───── Records for this exercise ─────

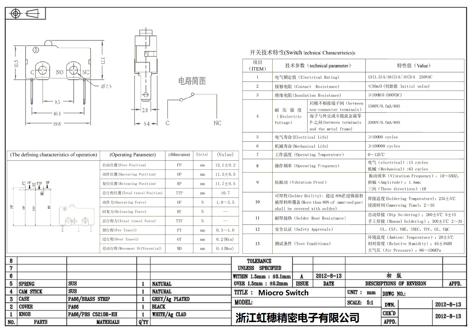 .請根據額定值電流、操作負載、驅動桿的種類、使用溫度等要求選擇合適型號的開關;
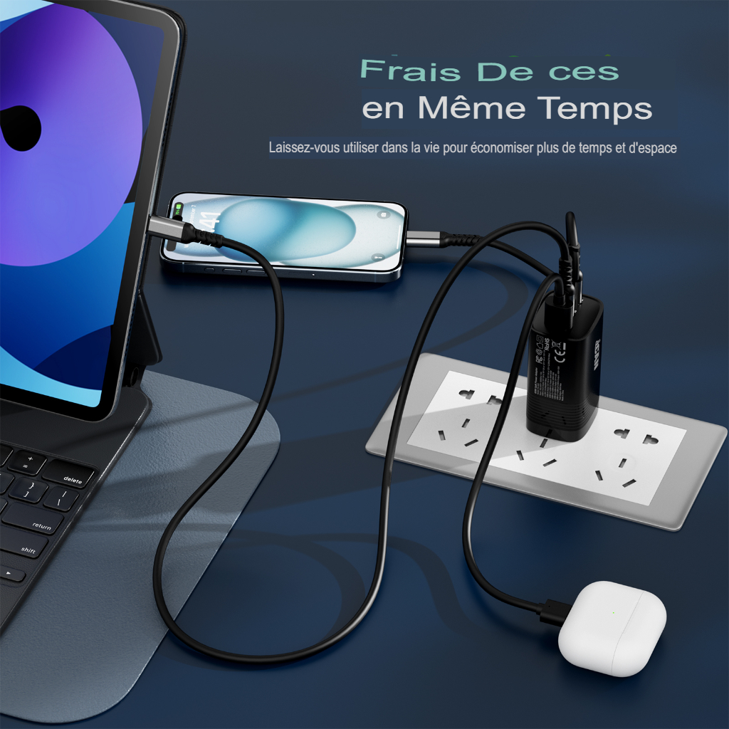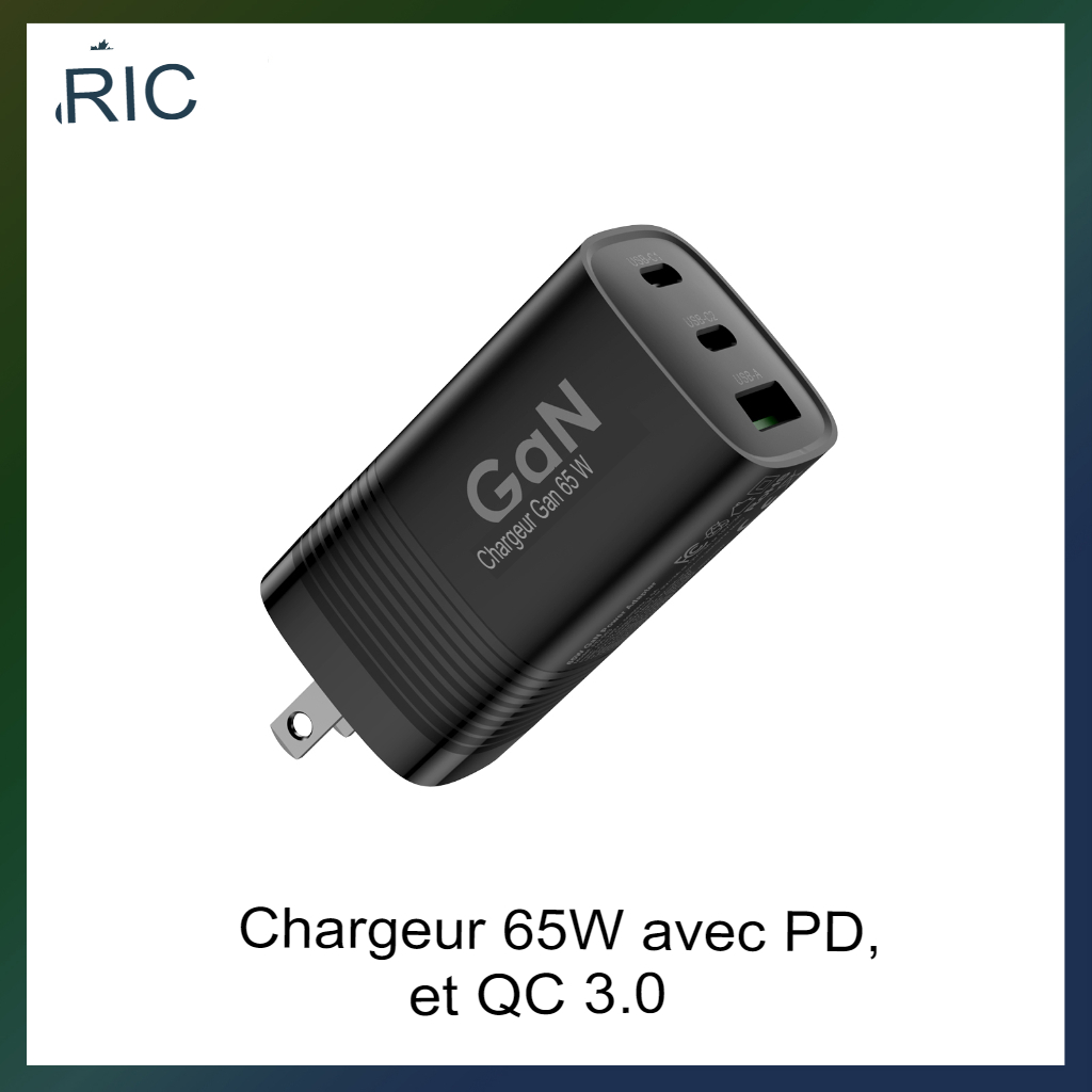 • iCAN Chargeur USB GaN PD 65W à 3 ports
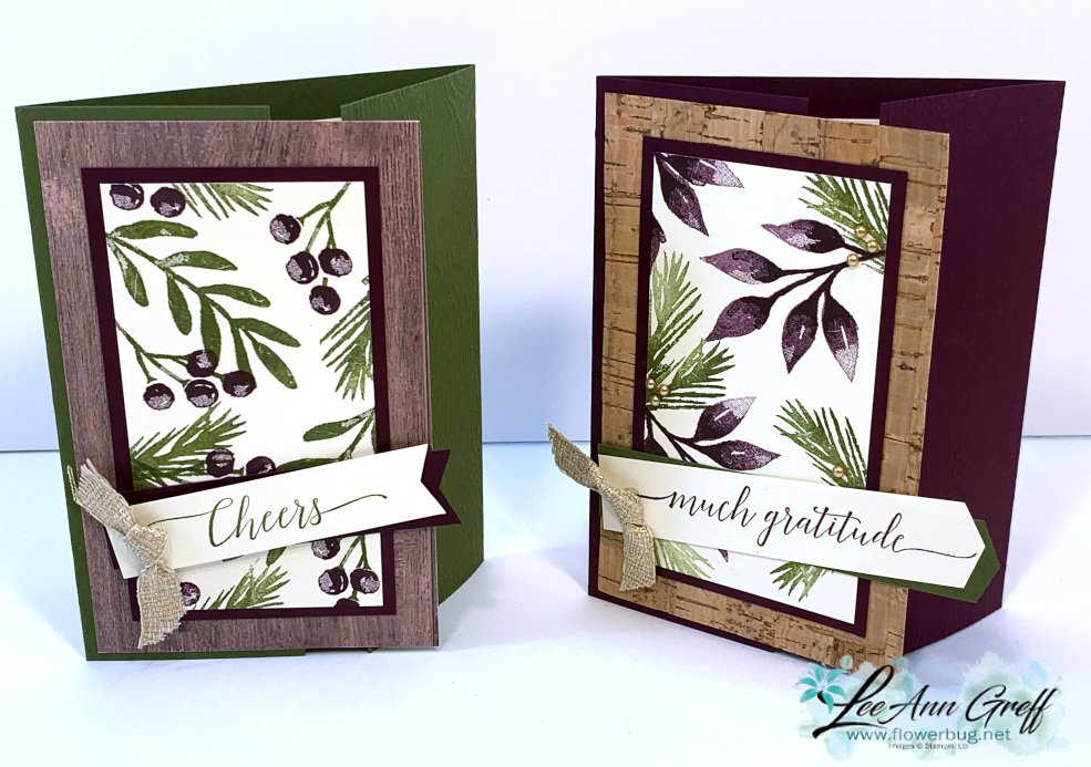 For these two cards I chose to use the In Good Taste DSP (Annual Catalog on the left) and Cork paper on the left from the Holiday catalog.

─────
───── Records for this exercise ─────

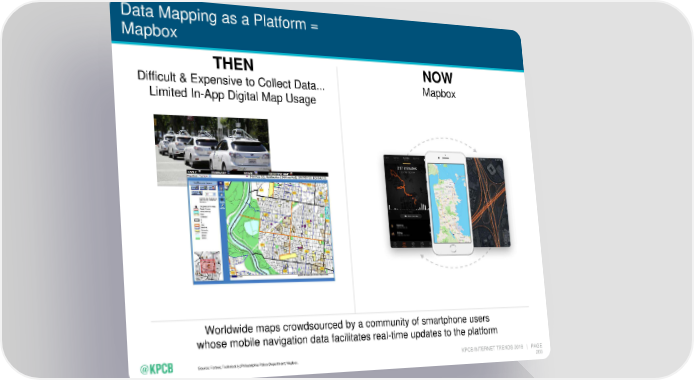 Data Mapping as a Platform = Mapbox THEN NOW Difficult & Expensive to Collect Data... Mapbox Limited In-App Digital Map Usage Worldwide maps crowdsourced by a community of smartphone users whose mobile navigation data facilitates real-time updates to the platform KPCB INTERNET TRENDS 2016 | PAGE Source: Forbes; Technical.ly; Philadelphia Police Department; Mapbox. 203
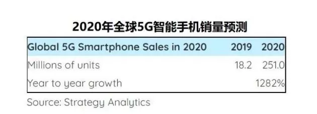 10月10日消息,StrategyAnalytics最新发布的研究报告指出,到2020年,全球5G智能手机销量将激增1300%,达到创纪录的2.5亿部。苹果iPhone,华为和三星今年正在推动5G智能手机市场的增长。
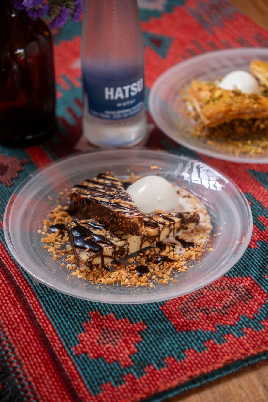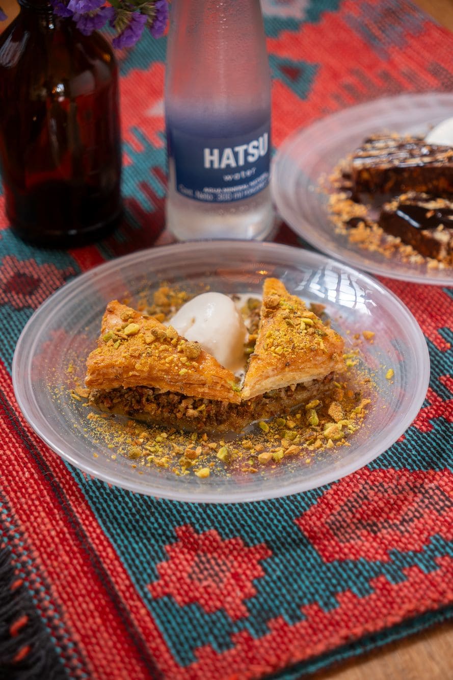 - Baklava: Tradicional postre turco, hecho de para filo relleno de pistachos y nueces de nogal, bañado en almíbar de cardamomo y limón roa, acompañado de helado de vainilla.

─────

## Exercise prompt:
Starting at the line above with "10月10日消息,Strat", output every line exactly up to and including the line with "- Baklava: Tradicional", but none of the pictures.

## Result of the task:
 10月10日消息,StrategyAnalytics最新发布的研究报告指出,到2020年,全球5G智能手机销量将激增1300%,达到创纪录的2.5亿部。苹果iPhone,华为和三星今年正在推动5G智能手机市场的增长。
 - Baklava: Tradicional postre turco, hecho de para filo relleno de pistachos y nueces de nogal, bañado en almíbar de cardamomo y limón roa, acompañado de helado de vainilla.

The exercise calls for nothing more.